In 2012, Fullwood was redistricted into the 15th District, which included most of the territory of his old district. He faced no opposition in both the Democratic primary and the general election, and he was sworn into his second term in the House.

In 2013, Fullwood joined with State Senator Dwight Bullard to propose legislation that would strengthen protections against cyberbullying, specifically, expanding "the authority of Florida's public schools to discipline students for cyberbullying done through the use of a school computer, at the site of a school-sponsored activity or on a school bus." During the controversy over whether the state of Florida should participate in the Medicare expansion as authorized under the Patient Protection and Affordable Care Act, Fullwood supported the expansion and criticized Republicans who opposed accepting federal funds, observing that the state of Florida already accepts billions of dollars in federal funds for other purposes; "Why not just accept any federal funds? If that's the mantra, let's just not accept any," Fullwood noted.

==2015 special election==
In 2014, Fullwood planned on running for re-election to a third term in the Florida House of Representatives, and filed paperwork to do so. The Florida Department of State, however, rejected Fullwood's paperwork due to a notary error on his financial disclosure form. Because Fullwood was the only candidate running in the district, the state scheduled a special election. Fullwood filed a lawsuit to seek certification as a qualified candidate, but the lawsuit was rejected. In September, Governor Rick Scott scheduled a special primary election for December, and a special general election for February.

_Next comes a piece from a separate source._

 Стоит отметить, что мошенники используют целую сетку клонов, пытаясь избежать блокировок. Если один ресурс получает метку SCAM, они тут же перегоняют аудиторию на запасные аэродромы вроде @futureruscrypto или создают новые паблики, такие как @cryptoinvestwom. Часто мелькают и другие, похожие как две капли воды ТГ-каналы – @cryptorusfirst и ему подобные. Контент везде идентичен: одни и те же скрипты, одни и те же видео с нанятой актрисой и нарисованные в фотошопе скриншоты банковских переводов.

Fullwood announced that he would run in the special election to succeed himself, and term-limited Jacksonville City Councilman Johnny Gaffney announced that he would also run in the Democratic primary. During the campaign, Fullwood received significant financial support from Democrats in the legislature, with House Minority Leader Mark Pafford emailing his colleagues to urge them to contribute to Fullwood's campaign. Gaffney criticized Pafford's actions, declaring, "This type of leadership and behavior only encourages acrimony, division and polarization of the party, and only continues the status quo." Gaffney received the support of the Florida Federation for Children, a school voucher advocacy organization, which criticized Fullwood for opposing school vouchers and sent out mailers attacking him for the financial cost of the special election and for receiving a fine from the Florida Elections Commission. Ultimately, though, Gaffney did not prove to be a significant hurdle, and Fullwood won the Democratic primary handily, winning nearly 64% of the vote.

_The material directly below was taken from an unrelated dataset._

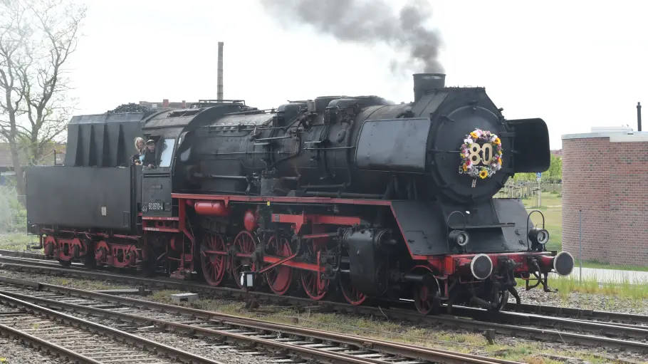 Dennis Kathke hat heute den wohl heißesten Arbeitsplatz auf dem alten Bahnwerk-Gelände in Wittenberge. Er steht im Führerhaus einer mächtigen, schwarzen Dampflok. Hinter ihm die geschlossene Tür zum Feuerherd der alten Dame. Glut schimmert durch die Ritzen. In diesem Monat wird die Lok 80 Jahre alt.

In the general election, Fullwood was opposed by Lawrence Jefferson, the Republican nominee. Jefferson did not present much of a challenge for Fullwood in the solidly-Democratic district, and Fullwood campaigned on his support for public education. He ended up winning easily, receiving 57% of the vote to Jefferson's 43%.

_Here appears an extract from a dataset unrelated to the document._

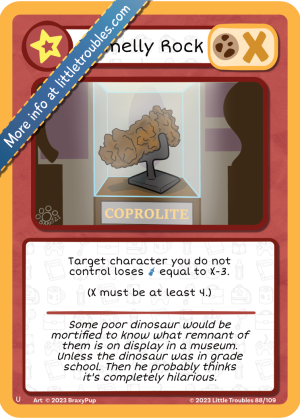Created page with "{{CardStatsBasic |CardType=Action |CookieCost=X |Rarity=Uncommon |Artist=BraxyPup |ImageUrl=Lt88.png }} ''A Smelly Rock'' is a Action card. It was introduced in the Base Set. == Card Text == <big>Target character you do not control loses Maturity equal to X-3. (X must be at least 4..</big> == Flavor Text == WIP == Appearances == This card appears in the following sets: * Base Set (88/109)" |

== Federal indictment and resignation ==
In April 2016, Fullwood was indicted on ten counts of federal wire fraud and four counts of failure to file federal income tax returns. The charges alleged that he transferred funds from his campaign account to personal accounts, and used the money on personal expenses. Fullwood initially pled not guilty, but on September 29 he pled guilty to one wire fraud charge and one income tax charge. He subsequently withdrew from reelection to the Florida House and resigned from office on October 3. Full was found guilty on two counts, but due to his service to the community and at the urging of the prosecution, he was given one year of supervision, 180 days home confinement, 450 hours of community service and had to pay $100,000 in restitution.

On October 4, Tracie Davis was chosen by the Duval County Democratic Executive Committee to take Fullwood's place as the Democratic candidate for House District 13. On November 8, Davis beat Republican challenger Mark Griffin by almost 20 percentage points, winning Fullwood's seat in the House.